As for percentages, the energy industry, which falls to DBERR, is responsible for more than 37 per cent. of carbon emissions. Road transport alone, which falls to the Department for Transport, accounts for more than 21 per cent., and other industries, which presumably include aviation, shipping and others, account for almost 18 per cent. and fall partly to the DBERR and partly to DEFRA. Residential households produce 15 per cent., and the hon. Member for Cheltenham has said that agriculture, farming and waste management constitute the small amount for which DEFRA is responsible. I am not convinced by the Minister’s argument, although I welcome his assurances that he wants to give more certainty to households and businesses.
Mention has been made of the Department’s clout and responsibilities. My right hon. Friend the Member for Suffolk, Coastal referred to the Conservative party’s quality of life policy group and proposals for beefing up the Department, and I believe that his point was much more convincing. How does the Minister respond to that?
Clearly, the Prime Minister should be responsible for reporting to Parliament on the matters before us. Page 18 of the Government’s final impact assessment states:
“Overall costs can be minimised by setting the right policies in place to incentivise the most cost-effective methods of mitigation.”
Surely, that should be a role for the Prime Minister, not individual Secretaries of State—albeit through the Secretary of State with responsibility for the environment.
Paragraph 2.3.10 on page 19 of the impact assessment states:
“The choice of policy instrument is also likely to have a significant distributional effect: regulation, market mechanisms or fiscal measures will have divergent distributional impacts.”
That assessment goes on to argue that businesses and households are looking for continuity and determination in the Government’s policy from the outset. However, in moving the amendment, I did not hear from the Minister why he believes that a Secretary of State is better placed to fulfil that responsibility. Under the Intelligence Services Act 1994, which was passed by a Conservative Government, the Prime Minister has duties similar to those before us today and must report on national security. The hon. Member for Cheltenham gave a similar example, but there are also less obscure ones. For example, let us bear in mind that a previous chief scientific adviser has said that climate change is the greatest threat facing this country.

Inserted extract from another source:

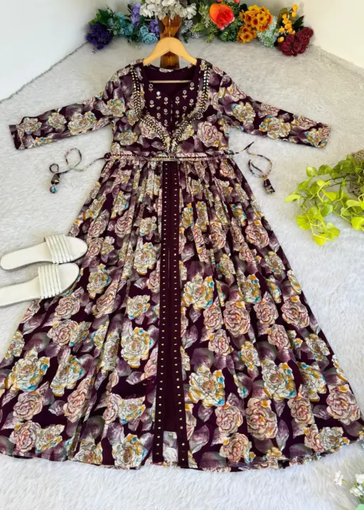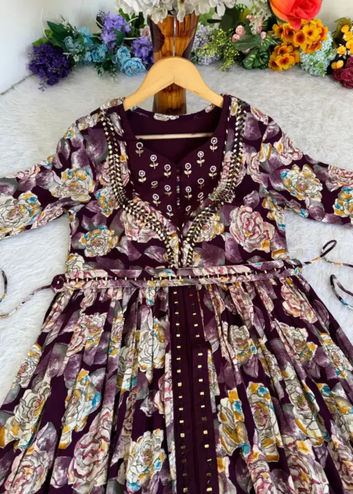 Keywords: floral printed gown, slit cut gown, middle slit gown, mirror work gown, embroidery work gown, ethnic gown, handwork gown, traditional gown, wedding gown, festive gown, ethnic suits, ethnic fashion, mirror work embroidery, floral design gown, cultural wear, special occasion gown, ethnic wear, traditional mirror work dress, hand-embroidered gown, ethnic party wear, designer ethnic gown.

On Second Reading, my hon. Friend the Member for East Surrey (Mr. Ainsworth) stated:
“The real test of the Bill will be whether it changes the mindset in Whitehall and Westminster to ensure that respect for the environment truly finds a place at the heart of policy making and Government practice.”—[Official Report, 9 June 2008; Vol. 477, c. 56.]
We believe that DEFRA is already collapsing under the weight of its responsibilities for flooding, farming, food, nuclear waste, water supply, fishing, coastal erosion and biodiversity. It has enough on its plate without being asked to do this as well. We are not trying to give the Prime Minister a vast number of new tasks.
When the Prime Minister’s initial reporting duties were first mooted in the other place, the Bill contained more of them than it does now. Most of them dealt with reporting on facts and other historical issues, which would not change as a result of the Prime Minister making the statement and producing the report. Such responsibilities would require the Prime Minister to report only on aspects of the Bill that are truly and inevitably cross-departmental. Those responsibilities are, first, that the Prime Minister must respond in Parliament to the Committee on Climate Change’s annual report on national progress towards meeting out carbon budgets, and, secondly, that the Prime Minister must report on Government strategies for meeting those budgets. The second duty would occur approximately every five years. The Prime Minister would be required, therefore, to produce just one report to Parliament per year on certain matters, plus an additional report on strategy approximately every five years. If the Minister puts the matter to a vote and wins, I hope that he will at some stage—either when he sums up this group of amendments or on another occasion—specify what additional resources will be made available to his Department to draw together those strands. Lord Rooker clearly stated to the EFRA Committee, on which I have the honour to serve, that there will be no further legislation or responsibilities, because the Department has no resources.
12.45 pm
Tony Baldry: Since the Bill was debated on Second Reading, Lord Stern has advised that the cost of tackling global climate change has doubled from his original estimate of 1 per cent. of GDP to 2 per cent. Introducing carbon budgets will not be painless, and there will be a hit on various sections of the economy. We all know that those various sectors will go to their sponsoring Departments and make special pleas as to why they should take less of the hit on carbon budgets than other areas of the economy. That will particularly be the case in a time such as this, when the economy is in some difficulty. One only has to pick up the business section of any national newspaper or look at shares in the house building industry to know that it is having a difficult time. I suspect that many in the house building industry will then go off to the Department for Communities and Local Government, which sponsors the construction sector, and say, “We should not have to take such a great hit because of the impact that this will have on us in a difficult economy.” Therefore, someone within the machinery of government will have to make some fairly difficult decisions on how the carbon budget is allocated.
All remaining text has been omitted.